Ball Brendan K, Proctor Elizabeth A, Brubaker Douglas K
Weldon School of Biomedical Engineering, Purdue University, West Lafayette, IN, USA.
Department of Neurosurgery, Penn State College of Medicine, Hershey, PA, USA.
Pac Symp Biocomput. 2025;30:426-440. doi: 10.1142/9789819807024_0031.
Alzheimer's disease (AD), the predominant form of dementia, is influenced by several risk factors, including type 2 diabetes (T2D), a metabolic disorder characterized by the dysregulation of blood sugar levels. Despite mouse and human studies reporting this connection between T2D and AD, the mechanism by which T2D contributes to AD pathobiology is not well understood. A challenge in understanding mechanistic links between these conditions is that evidence between mouse and human experimental models must be synthesized, but translating between these systems is difficult due to evolutionary distance, physiological differences, and human heterogeneity. To address this, we employed a computational framework called translatable components regression (TransComp-R) to overcome discrepancies between pre-clinical and clinical studies using omics data. Here, we developed a novel extension of TransComp-R for multi-disease modeling to analyze transcriptomic data from brain samples of mouse models of AD, T2D, and simultaneous occurrence of both disease (ADxT2D) and postmortem human brain data to identify enriched pathways predictive of human AD status.

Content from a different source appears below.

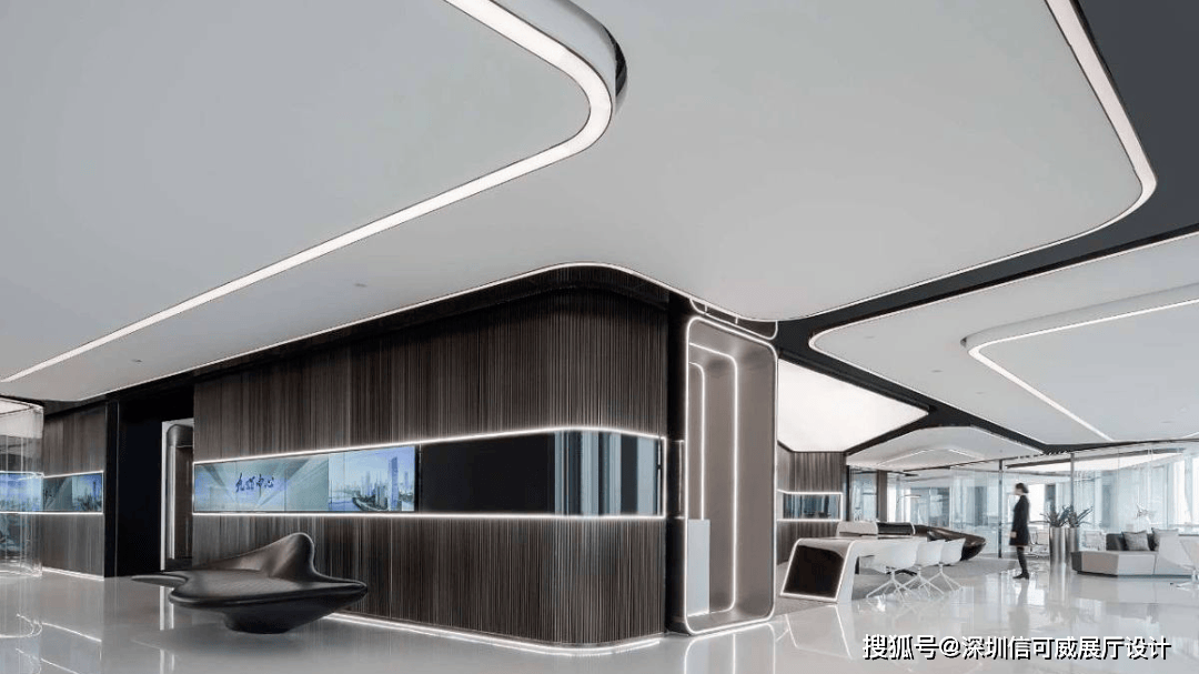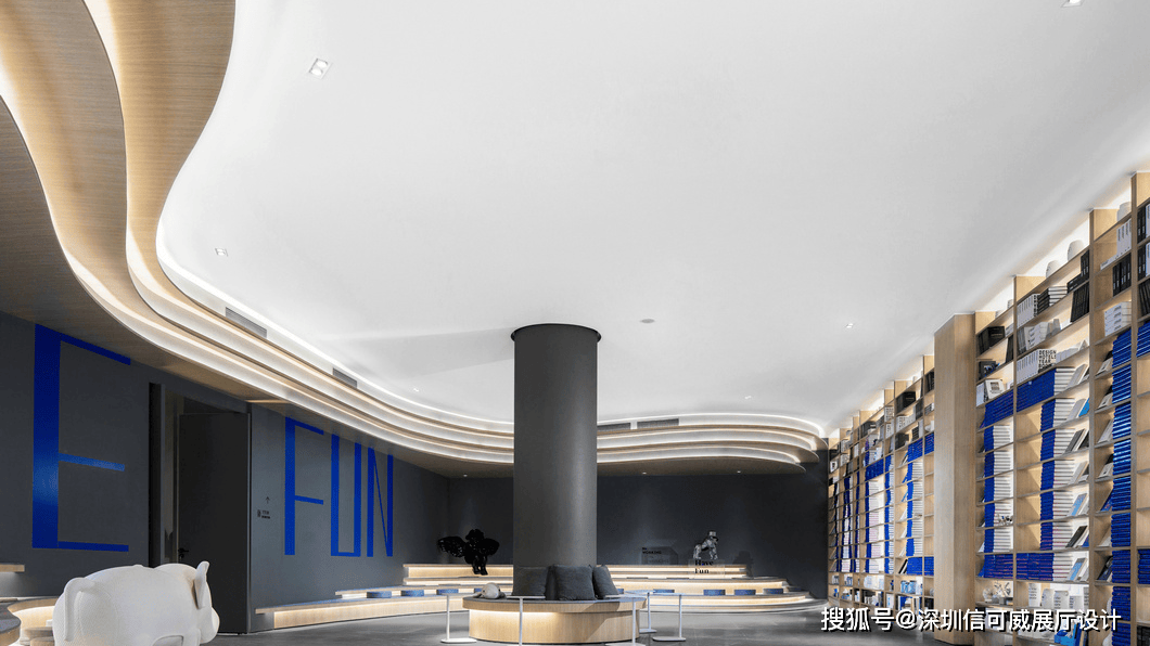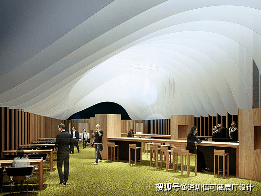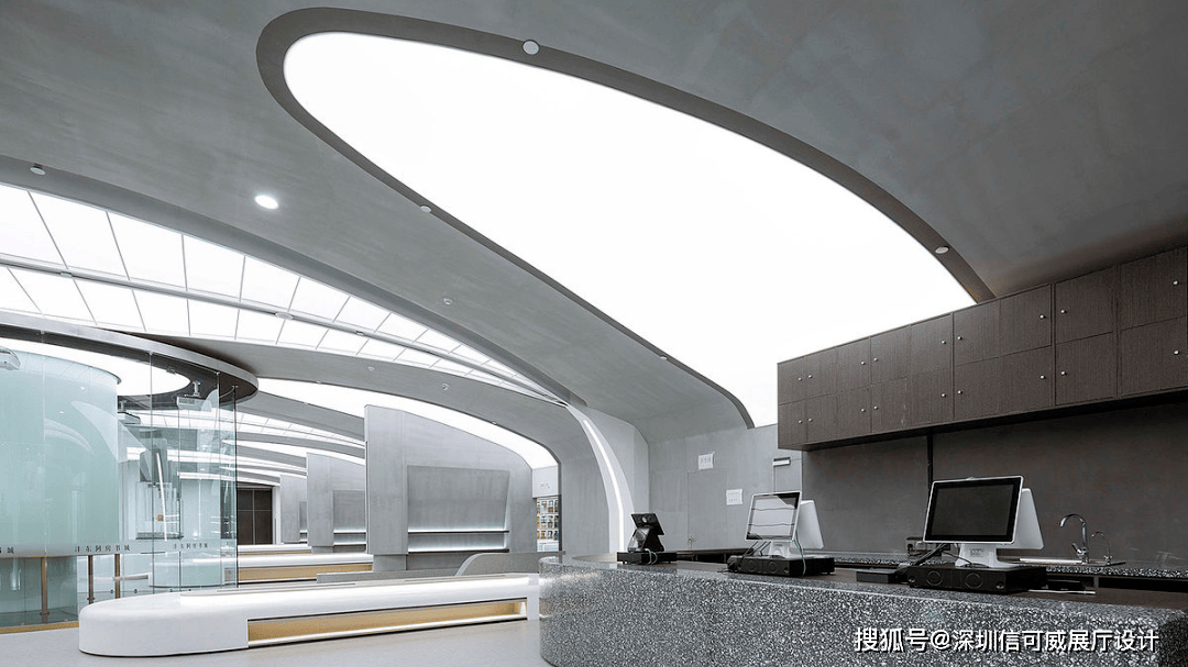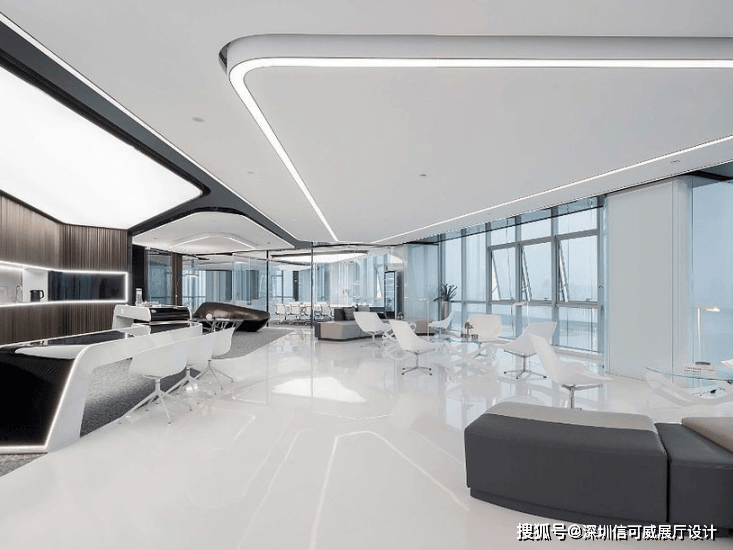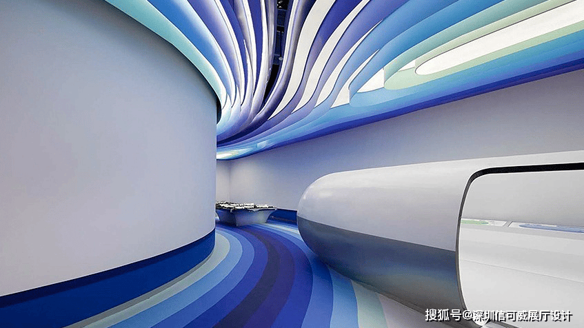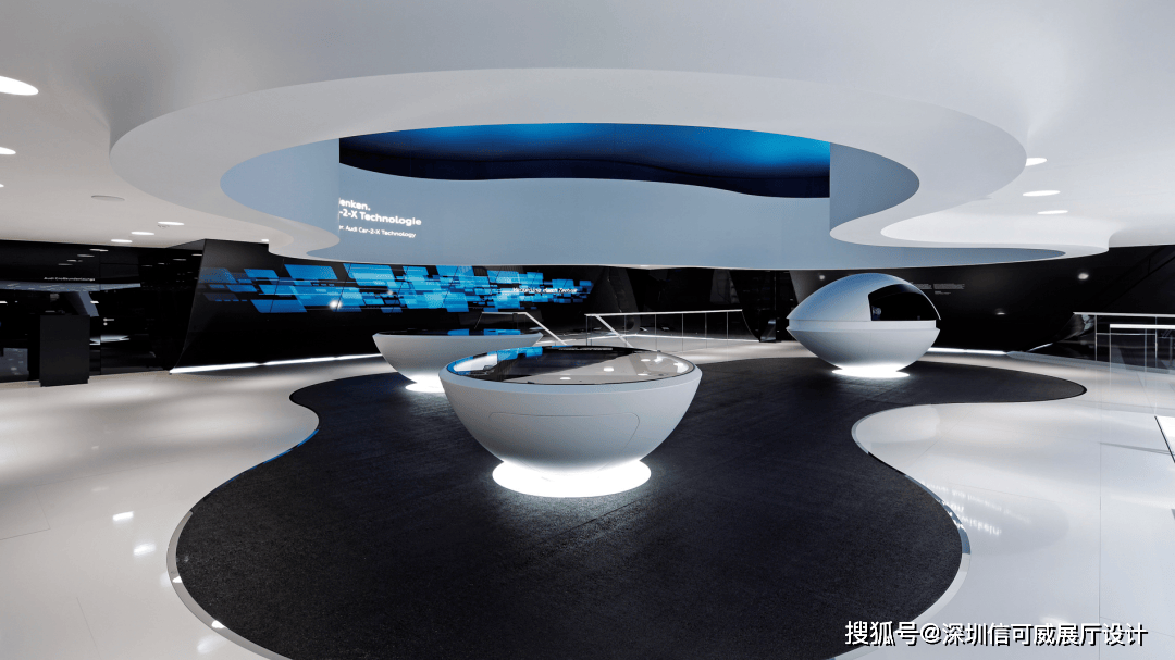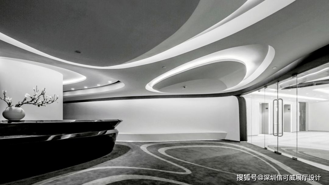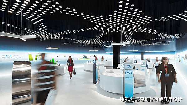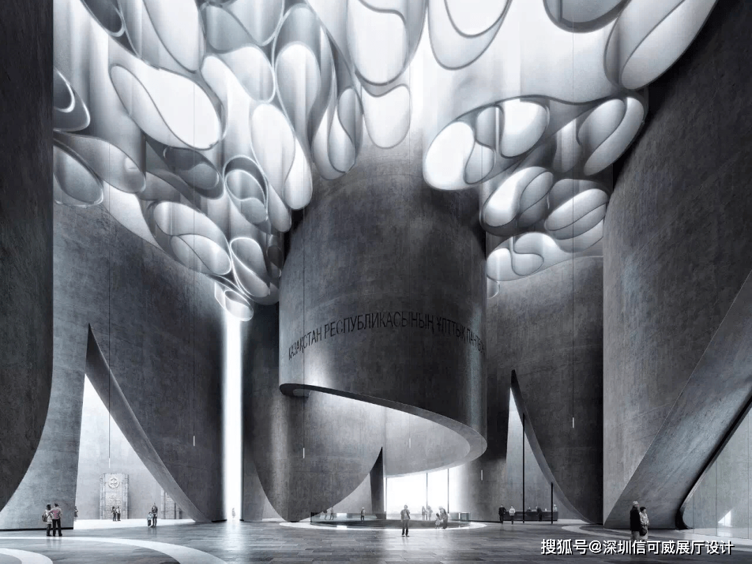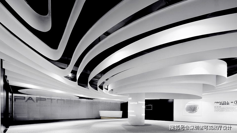 2、对于层高很高的展厅设计来说,可以去自由选择吊顶的方式以及造型,弧形顶、圆形顶、方形顶以及异形顶也可以分二级甚至多层吊顶的造型,也可以采用大面积的吊顶以降低层高。

Our TransComp-R model identified inflammatory and estrogen signaling pathways encoded by mouse principal components derived from models of T2D and ADxT2D, but not AD alone, predicted with human AD outcomes. The same mouse PCs predictive of human AD outcomes were able to capture sex-dependent differences in human AD biology, including significant effects unique to female patients, despite the TransComp-R being derived from data from only male mice. We demonstrated that our approach identifies biological pathways of interest at the intersection of the complex etiologies of AD and T2D which may guide future studies into pathogenesis and therapeutic development for patients with T2D-associated AD.
阿尔茨海默病(AD)是痴呆症的主要形式,受多种风险因素影响,包括2型糖尿病(T2D),这是一种以血糖水平失调为特征的代谢紊乱疾病。尽管小鼠和人类研究报告了T2D与AD之间的这种联系,但T2D导致AD病理生物学的机制尚不完全清楚。理解这些疾病之间机制联系的一个挑战在于,必须综合小鼠和人类实验模型之间的证据,但由于进化距离、生理差异和人类异质性,在这些系统之间进行转化很困难。为了解决这个问题,我们采用了一种称为可翻译成分回归(TransComp-R)的计算框架,利用组学数据克服临床前和临床研究之间的差异。在此,我们开发了一种用于多疾病建模的TransComp-R新扩展,以分析来自AD、T2D以及两种疾病同时发生(ADxT2D)小鼠模型的脑样本转录组数据和死后人类脑数据,以识别预测人类AD状态的富集通路。我们的TransComp-R模型确定了由源自T2D和ADxT2D模型而非单独AD模型的小鼠主成分编码的炎症和雌激素信号通路,这些通路可预测人类AD结果。尽管TransComp-R仅源自雄性小鼠的数据,但预测人类AD结果的相同小鼠主成分能够捕捉人类AD生物学中的性别依赖性差异,包括女性患者特有的显著影响。我们证明,我们的方法确定了AD和T2D复杂病因交叉点上感兴趣的生物学通路,这可能为未来T2D相关AD患者的发病机制研究和治疗开发提供指导。